■ **WHAT YOU WILL DO**:
Using the entries below, write out the line with "下一步,学校将以此次入选为契", the line with "эротично позирует демонстрируя", and every line in between, exactly as each is written.

■ **RECORDS SUPPLIED**:
=== Begin Enclosure ===
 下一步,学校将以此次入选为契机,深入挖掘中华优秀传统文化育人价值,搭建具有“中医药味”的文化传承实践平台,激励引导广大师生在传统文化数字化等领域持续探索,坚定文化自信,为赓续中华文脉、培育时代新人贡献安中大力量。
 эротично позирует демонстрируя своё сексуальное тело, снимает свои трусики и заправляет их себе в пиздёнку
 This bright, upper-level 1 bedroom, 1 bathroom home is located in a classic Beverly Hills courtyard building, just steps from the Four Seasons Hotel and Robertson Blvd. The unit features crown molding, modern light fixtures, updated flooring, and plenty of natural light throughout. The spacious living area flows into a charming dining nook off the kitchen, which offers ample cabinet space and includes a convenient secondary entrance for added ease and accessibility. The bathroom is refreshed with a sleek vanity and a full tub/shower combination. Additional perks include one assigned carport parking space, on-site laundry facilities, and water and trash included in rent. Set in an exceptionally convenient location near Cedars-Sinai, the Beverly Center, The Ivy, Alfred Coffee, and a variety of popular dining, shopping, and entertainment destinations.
=== End Enclosure ===
=== Begin Enclosure ===
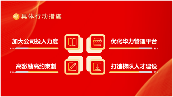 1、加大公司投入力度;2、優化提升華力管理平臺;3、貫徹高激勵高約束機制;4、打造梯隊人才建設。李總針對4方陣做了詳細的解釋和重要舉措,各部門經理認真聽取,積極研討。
=== End Enclosure ===
=== Begin Enclosure ===
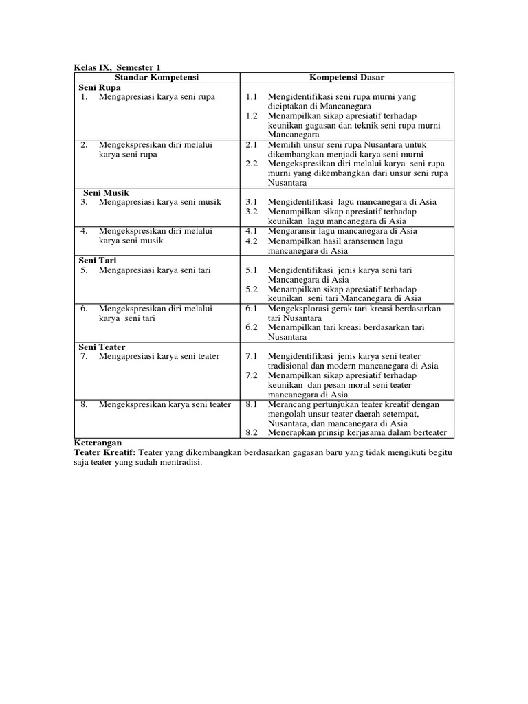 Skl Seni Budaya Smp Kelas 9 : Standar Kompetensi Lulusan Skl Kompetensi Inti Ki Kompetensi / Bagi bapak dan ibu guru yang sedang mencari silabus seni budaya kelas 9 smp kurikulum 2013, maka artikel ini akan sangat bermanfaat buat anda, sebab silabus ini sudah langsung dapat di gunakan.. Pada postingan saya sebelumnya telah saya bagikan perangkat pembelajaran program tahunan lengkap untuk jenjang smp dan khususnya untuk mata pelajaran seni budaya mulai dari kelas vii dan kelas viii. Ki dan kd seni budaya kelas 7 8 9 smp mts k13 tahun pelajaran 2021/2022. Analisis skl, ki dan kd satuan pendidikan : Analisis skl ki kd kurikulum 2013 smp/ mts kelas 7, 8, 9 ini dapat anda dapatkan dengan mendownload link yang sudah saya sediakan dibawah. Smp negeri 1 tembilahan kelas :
=== End Enclosure ===
■ **REPLY TO THE TASK**:
 下一步,学校将以此次入选为契机,深入挖掘中华优秀传统文化育人价值,搭建具有“中医药味”的文化传承实践平台,激励引导广大师生在传统文化数字化等领域持续探索,坚定文化自信,为赓续中华文脉、培育时代新人贡献安中大力量。
 эротично позирует демонстрируя своё сексуальное тело, снимает свои трусики и заправляет их себе в пиздёнку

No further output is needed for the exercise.